Share View: Share price high 168 (52 week) and now 152. SeQuent Scientific Limited (SSL) with a global footprint, operates in the domains of Animal Health (Alivira) and Analytical Services. SeQuent has eight manufacturing facilities based in India, Spain, Germany, Brazil and Turkey with approvals from global regulatory bodies including USFDA, EUGMP, WHO, TGA among others. Its Vizag facility is India’s first and only USFDA approved facility for veterinary APIs.

*Opportunities*

India’s largest and now amongst ‘Top 20’ global animal health companies. On 11 September 2020, Carlyle through CA Harbor Investments acquired 53% stake in SSL from the secondary market. CG has informed Ind-Ra that it aims to focus on the US and European Union’s research and development (R&D) pipeline and fine tune SSL’s product development strategy. SSL has a demonstrated track record of R&D capabilities and a strong product pipeline in the animal healthcare space. Its API facility at Vizag is the only US Food & Drug Administration-approved dedicated facility for animal API production in India. The company has already commercialized 28 APIs worldwide and has filed 20 drug master files in the US. Amongst the top 3 and the largest local veterinary medicines company in Turkey having market share of 10% with more than 120 product registrations. Caters to bacterial, parasitic, anthelmentic, antiparasitic, nutritional for the ruminant therapeutics segment. Consistent financial performance and debt reduction lead to 6 step improvement over last 5 years. 
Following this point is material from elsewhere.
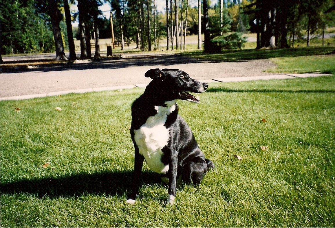 The single dog on the grass is Sami. She was my first own dog. She lived to be 12. I got her when she was 8 weeks old.
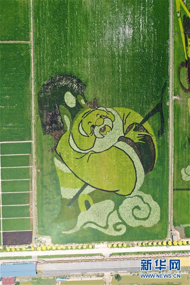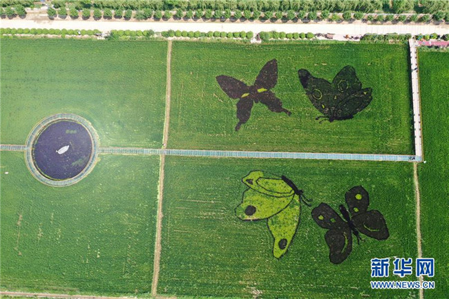這是寧夏賀蘭縣稻漁空間鄉(xiāng)村生態(tài)觀光園內(nèi)的稻田畫(7月22日攝,無人機(jī)照片)。新華社記者 劉海 攝

During FY15-FY19, the company completed eight acquisitions at a total outlay of INR 350 Cr. The management’s willingness to add meaningful leverage to the balance sheet for mergers and acquisitions (M&As) is likely to weigh on the ratings in the short term.

*Risk*

SSL remains exposed to regulatory risks, as it derives nearly 50% of its revenue from the regulated markets. Any adverse impact on the EBITDA generation due to regulatory actions could result in a sustained increase in the consolidated leverage. 


Disclaimer:

Views are shared based on market research and study and personal in nature. Others can take the different view and opinions. Please do the thoroughly study before enter or exit the shares.